• **ENTRIES SHOWN**
=== Begin Enclosure ===

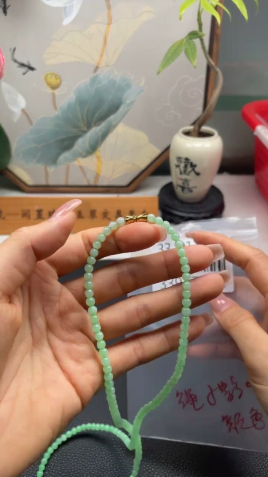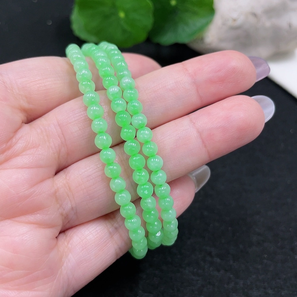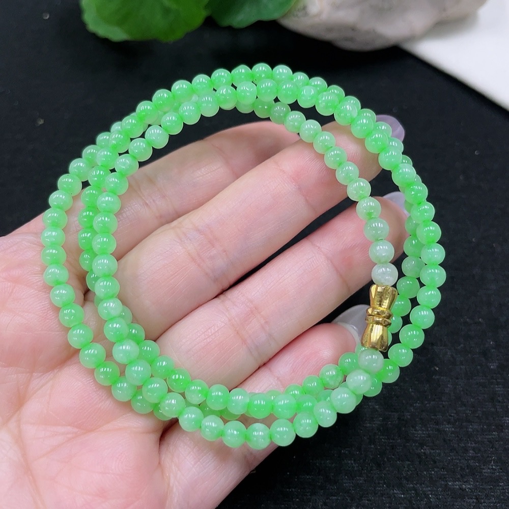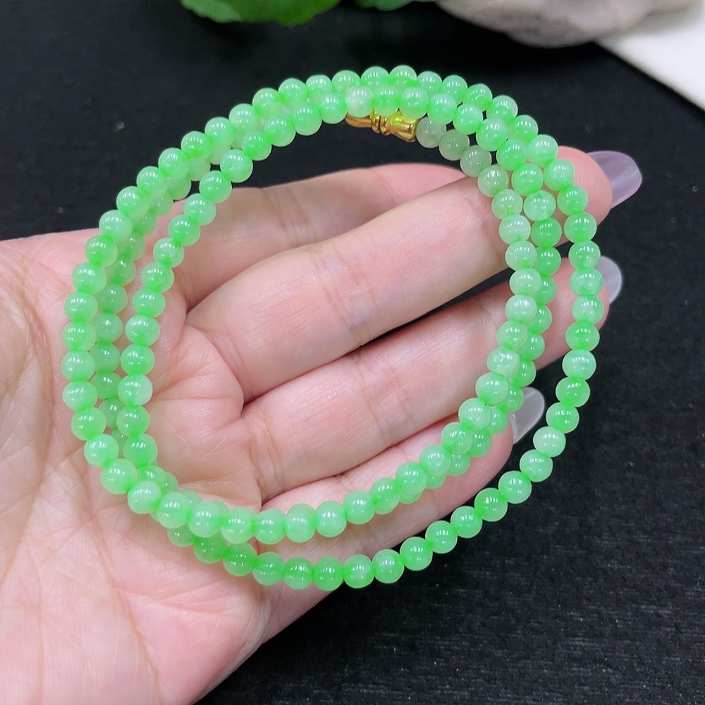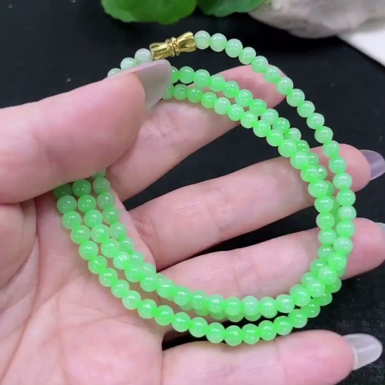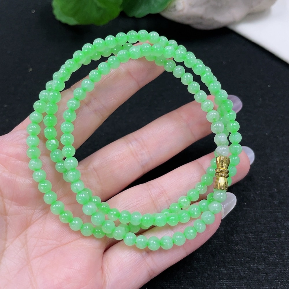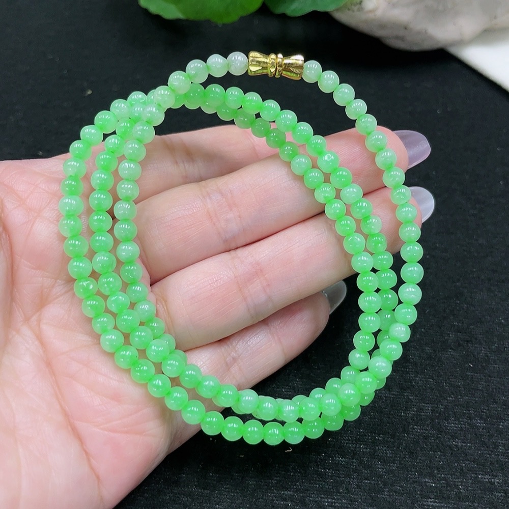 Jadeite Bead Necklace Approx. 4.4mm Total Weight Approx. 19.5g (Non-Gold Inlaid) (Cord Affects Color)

=== End Enclosure ===
=== Begin Enclosure ===

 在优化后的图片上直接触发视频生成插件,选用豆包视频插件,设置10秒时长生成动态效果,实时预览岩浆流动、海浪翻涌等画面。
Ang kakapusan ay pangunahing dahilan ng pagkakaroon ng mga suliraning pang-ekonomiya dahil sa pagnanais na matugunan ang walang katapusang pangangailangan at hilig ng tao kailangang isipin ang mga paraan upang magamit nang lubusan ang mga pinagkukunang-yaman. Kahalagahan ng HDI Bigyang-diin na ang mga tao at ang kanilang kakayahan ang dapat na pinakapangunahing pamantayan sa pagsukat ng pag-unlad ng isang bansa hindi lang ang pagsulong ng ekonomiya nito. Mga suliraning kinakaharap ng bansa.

=== End Enclosure ===
=== Begin Enclosure ===

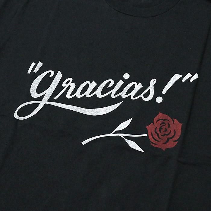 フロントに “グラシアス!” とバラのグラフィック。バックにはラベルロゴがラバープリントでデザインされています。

=== End Enclosure ===

Would you copy, unchanged, the stretch of the records above that begins at the line containing "在优化后的图片上直接触发视频" and ends at the line containing "Ang kakapusan ay", and only that?

• **ANSWER**
 在优化后的图片上直接触发视频生成插件,选用豆包视频插件,设置10秒时长生成动态效果,实时预览岩浆流动、海浪翻涌等画面。
Ang kakapusan ay pangunahing dahilan ng pagkakaroon ng mga suliraning pang-ekonomiya dahil sa pagnanais na matugunan ang walang katapusang pangangailangan at hilig ng tao kailangang isipin ang mga paraan upang magamit nang lubusan ang mga pinagkukunang-yaman. Kahalagahan ng HDI Bigyang-diin na ang mga tao at ang kanilang kakayahan ang dapat na pinakapangunahing pamantayan sa pagsukat ng pag-unlad ng isang bansa hindi lang ang pagsulong ng ekonomiya nito. Mga suliraning kinakaharap ng bansa.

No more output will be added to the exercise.